- [Activity]: Would you repeat the whole listing exactly, pictures excluded?

- [Stored data]:
[Start of section]

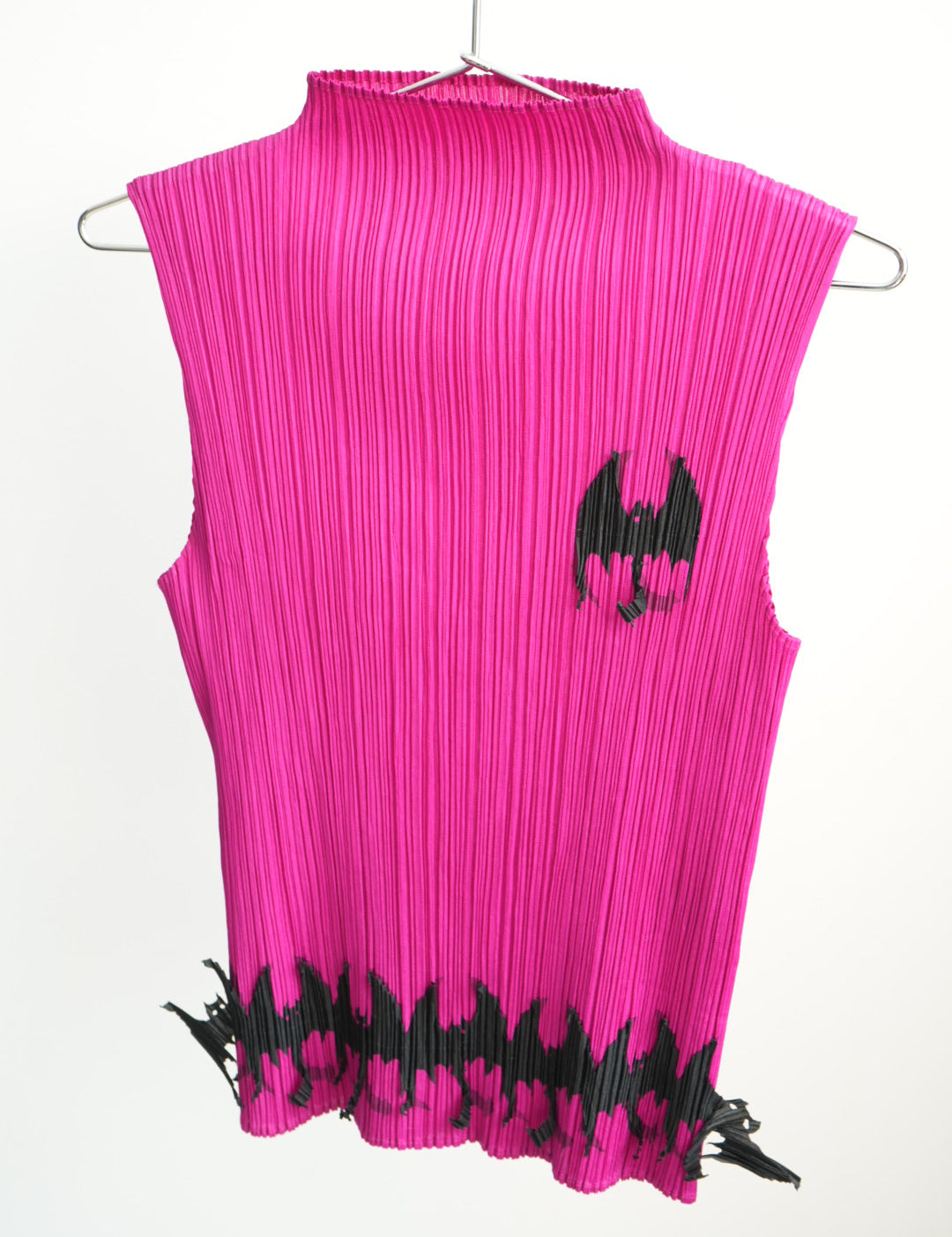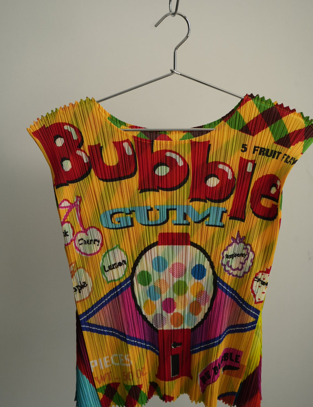 Pleats Please Issey Miyake Sleeveless Pleated Bubble Gum Graphic Top Size 3
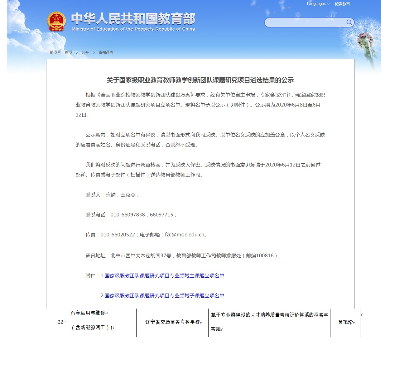 近日,教育部教师工作司发布了《关于国家级职业教育教师教学创新团队课题研究项目遴选结果的公示》,我校由黄艳玲主持的《基于专业群建设的人才培养质量考核评价体系的探索与实践》成功入选国家级职教团队课题研究项目专业领域子课题,全国共入选65项。
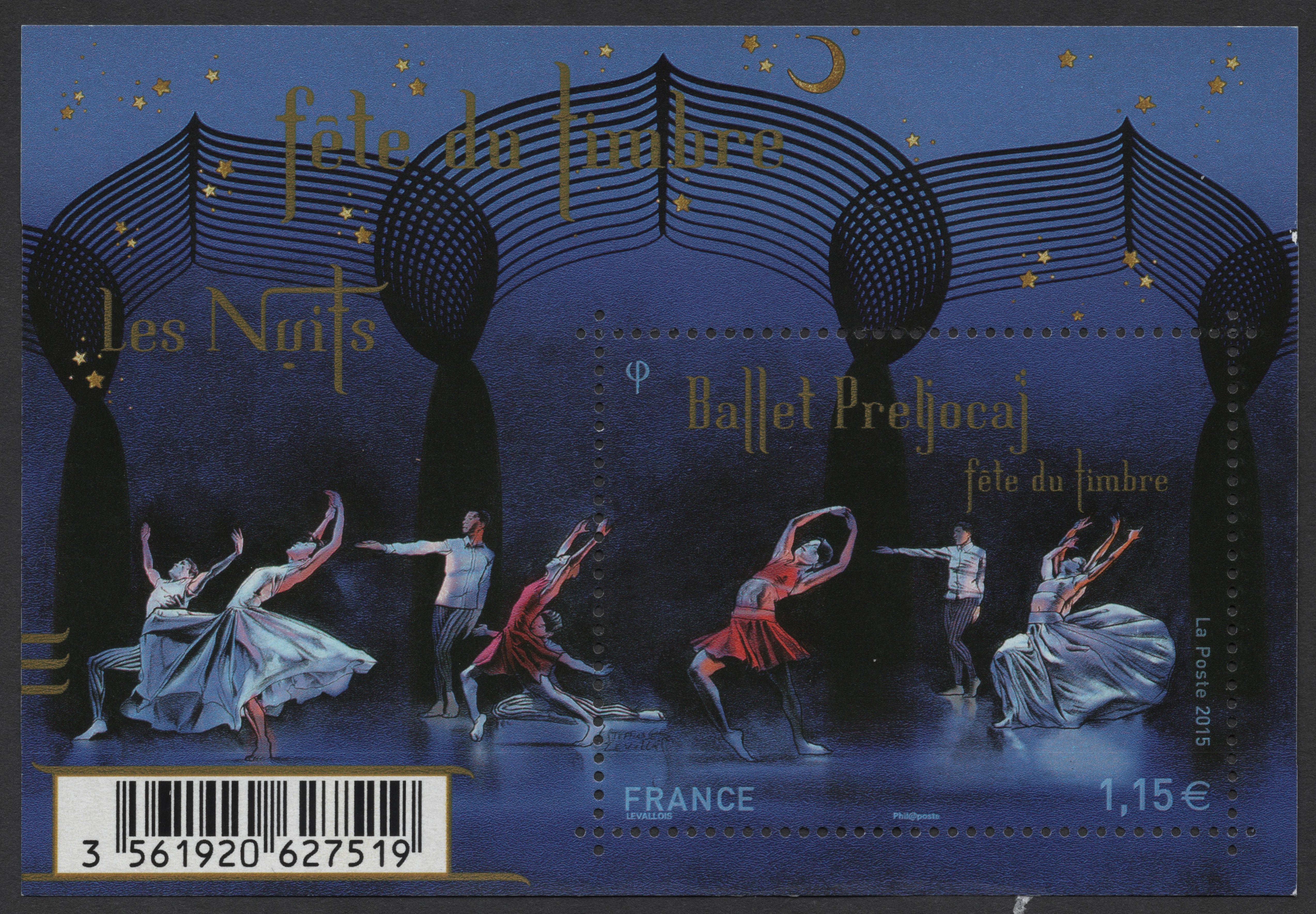 Rs. 70.00Rs. 70.00/Issued in 2015 by node=""France, this elegant souvenir sheet celebrates the Fête du Timbre (Stamp Festival) with a tribute to the contemporary Ballet Preljocaj. The nighttime...

[End of section]

- [Response]:
 Pleats Please Issey Miyake Sleeveless Pleated Bubble Gum Graphic Top Size 3
 近日,教育部教师工作司发布了《关于国家级职业教育教师教学创新团队课题研究项目遴选结果的公示》,我校由黄艳玲主持的《基于专业群建设的人才培养质量考核评价体系的探索与实践》成功入选国家级职教团队课题研究项目专业领域子课题,全国共入选65项。
 Rs. 70.00Rs. 70.00/Issued in 2015 by node=""France, this elegant souvenir sheet celebrates the Fête du Timbre (Stamp Festival) with a tribute to the contemporary Ballet Preljocaj. The nighttime...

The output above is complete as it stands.